While Adélie and chinstrap penguins remain stuck in their ancestral habits in hell or hot water, the much more flexible Gentoo penguins are drifting further and further south. And as they show their willingness to hunt new prey or abandon a nest to increase their chances of long-term survival, their numbers explode.
“Gentoo penguins are the big winners from climate change in Antarctica,” Lynch said, confirming reports that some colonies in some areas have increased by 30,000%. “They’re perfectly happy to take advantage of a warming Antarctica. They don’t mind it getting wetter. The flip side is that Adélie and chinstrap populations have cratered in many areas and especially the chinstrap penguins. Their populations have declined in some areas by up to 80%.
“Adaptation means several things,” Hart said. “It means being very tough in a tough environment, but it also means reading the piece about seasonality. It means averaging, so if you’re not doing well in a year, you have to do better. And then you really don’t have only to do well one year out of three.”
“I think there’s a lesson for us here as well,” Lynch said. “If we stick to what we’ve always done, it’s not going to go well for us. Just because Manhattan has always been where it is, does it make sense that it’s here 200 or 300 years from now? I don’t “I don’t know. But I think we would benefit from being plastic, flexible and adaptive. And I think that’s kind of what the gentoos are telling us.”
Apart from the concern that a krill crash could follow the ice crash, bird flu is now present in Chile and Argentina and Hart predicts that it could migrate with seabirds to the Antarctic Peninsula next spring and devastate penguin colonies. “I think we’re going to have a horrible year next year,” he told me. “But we won’t know until it happens.”
These cascading threats also make gentoos an example of what humans in the world of chilling UN climate reports call the “hard” and “soft” limits of adaptation. If political or financial obstacles block an available strategy, it is considered a soft limit. But if the physical changes are too sudden and severe, there is a hard limit to finding a solution.
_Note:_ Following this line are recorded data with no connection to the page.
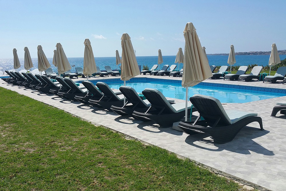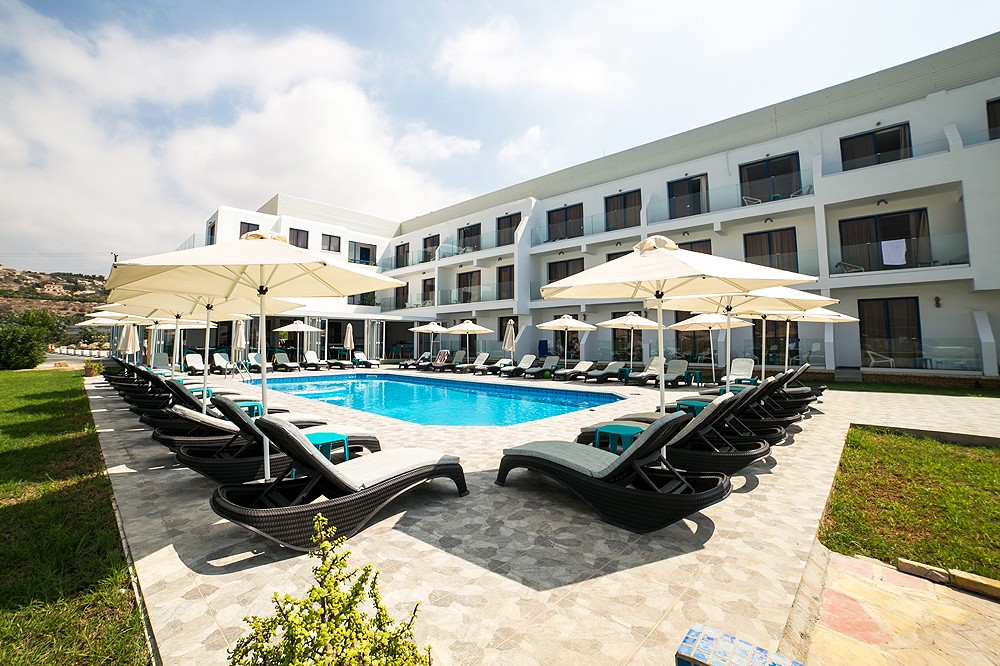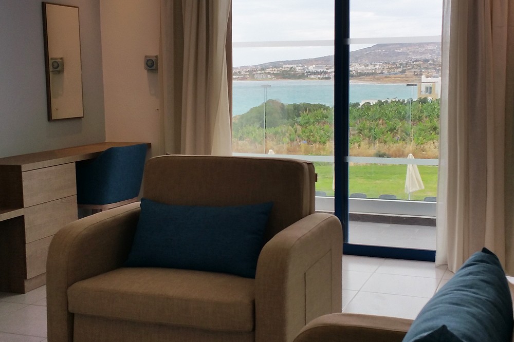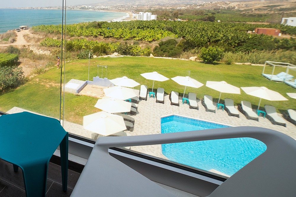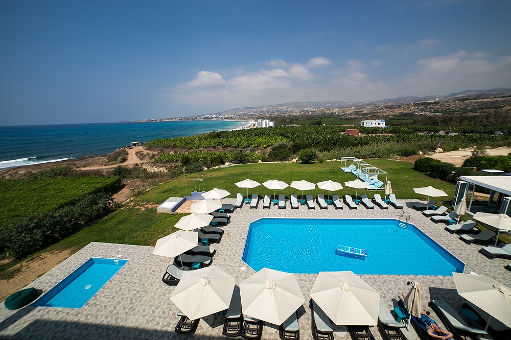 The hotel's swimming pool looks directly to the blue Mediterranean sea and towards Coral Bay. A short walk downhill brings you to the beach and further along the coast, within easy walking distance is an organised sandy beach, where drinks and snacks may be purchased from a well-placed cafe together with WIFI, sunbeds and umbrellas at an additional cost.
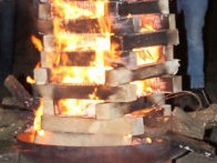 Het vuur ontwikkeld zich door de natuurlijke trek van de "schoorsteen" in korte tijd tot een "spektakelkampvuur""
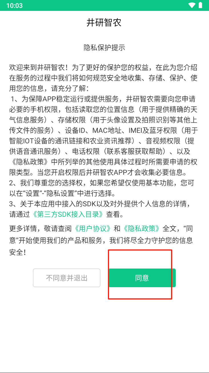 1、同意隐私政策:阅读并同意隐私保护提示中的用户协议和隐私政策。
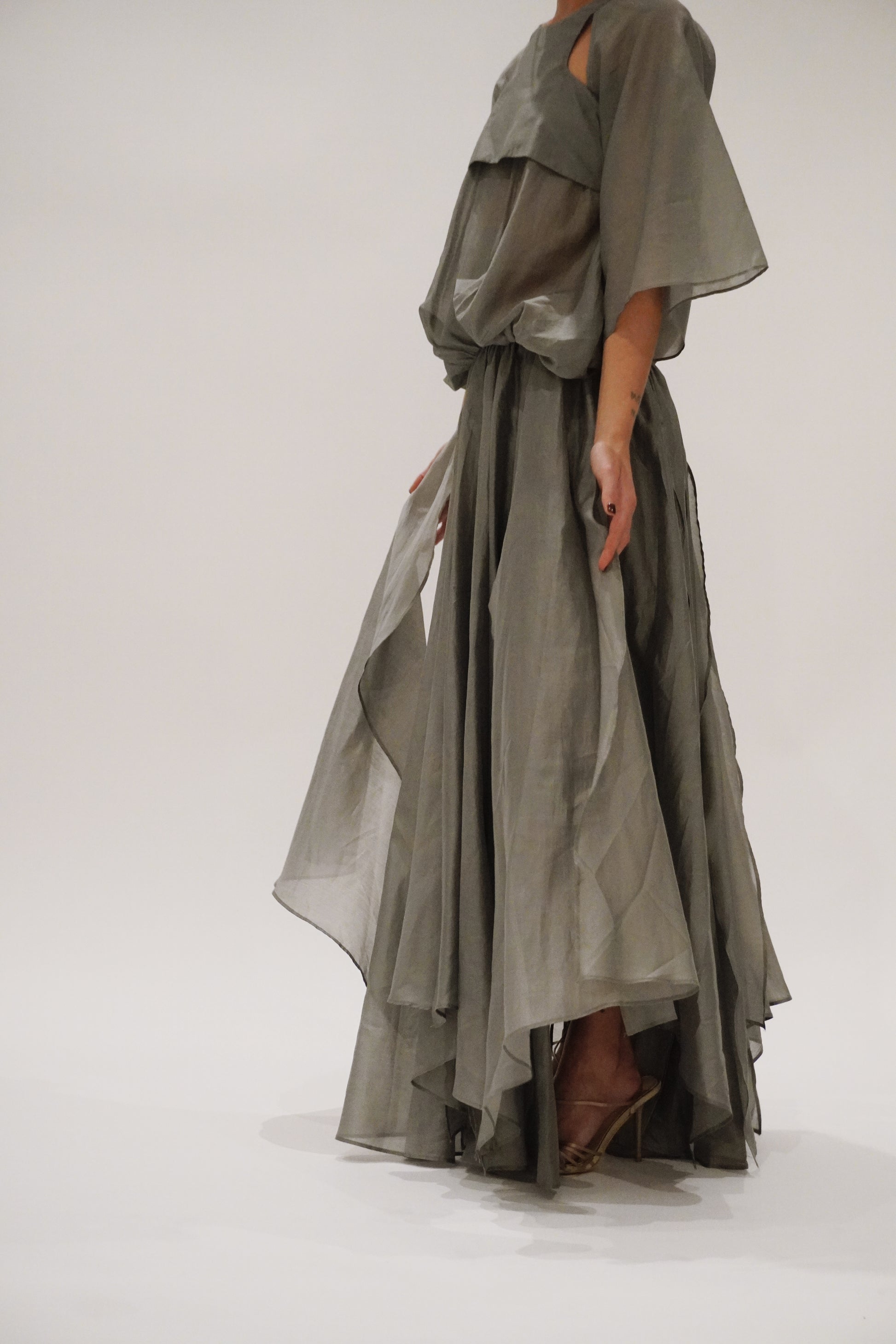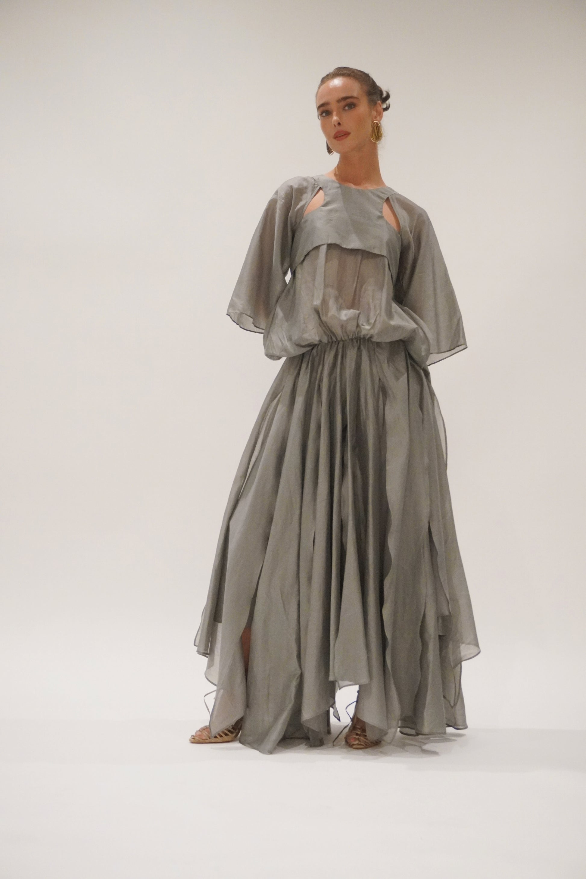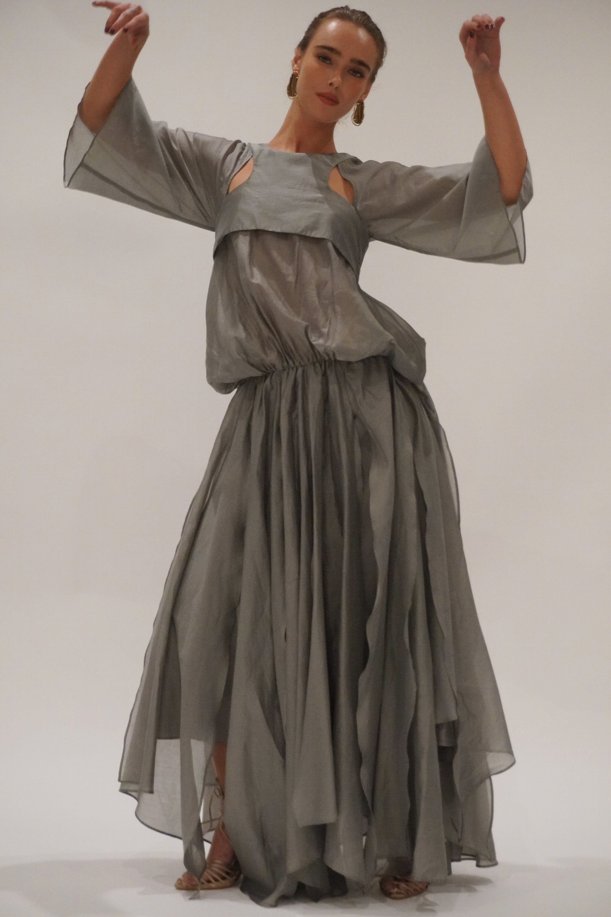 Cut in a charcoal-toned organza with a soft metallic sheen, the silhouette is elemental and sculptural. Racer-style cut-out on the body, with a voluminous batwing sleeve and volume bubble effect top. Creating presence with every step. The skirt flows in off-cut layers, unfinished and raw, yet perfectly considered.
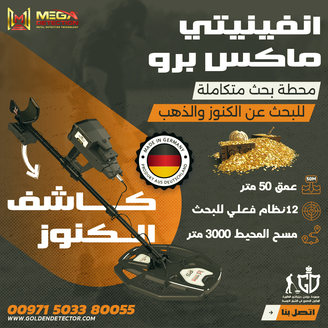 محطة متكاملة للبحث عن الكنوز و الذهب و الفراغات في باطن الارض, تحفة فنية مقدمة من مصنع ميجا الالماني تضم 12 نظام فعلي و دقيق للبحث عن جميع الاهداف الثمينة لمسافات و اعماق لم يتم الوصول لها من قبل, الجهاز المعتمد من قبل الكثير من شركات التنقيب العالمية للبحث عن الآثار و الانفاق المدفونة منذ الاف السنين, جهاز الانفينيتي ماكس برو يتربع على قمة هرم اجهزة التنقيب في العالم بكل جدارة.
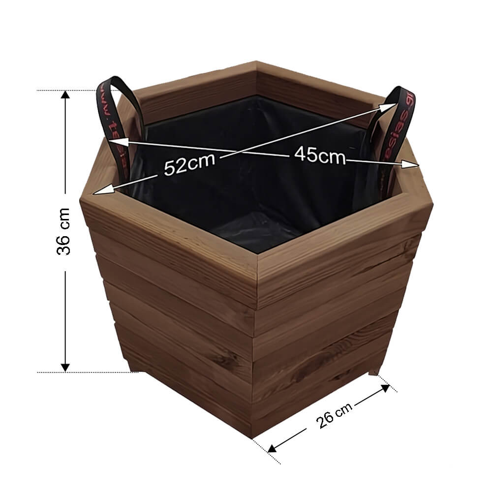 Διαστάσεις Μήκος: 52cm Πλάτος: 45cm Ύψος: 36cm Βάρος: 15kg Λίτρα χώματος: 75lt Τεχνικά Χαρακτηριστικά Είδος ξύλου: Σουηδική εμποτισμένη πεύκη.
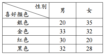 請以顯著水準α = 0.05,檢定汽車顏色喜好和性別是否有關聯?(15 分)

As I saw on the expedition in early March, even the rolling gentoos with the punches are struggling after a warmer and wetter Antarctica created enough snow and rain events to delay this year’s penguin nesting season by a month.
We watched with grim resignation as gentoo couples pick up stones for worthless nests and mothers hatch chicks that simply won’t have enough time to grow the feathers and fat needed to survive the winter. But Lynch reminded me that this is a colony on an island, and so far what doesn’t kill a gentoo only makes it harder. If they changed neighborhoods so easily, she thinks, they would only change the timing of the baby-making season.
“I think if there was a permanent change to a snowy year climate, gentoo penguins would probably start breeding earlier,” she said. “I think the gentoos will be fine.”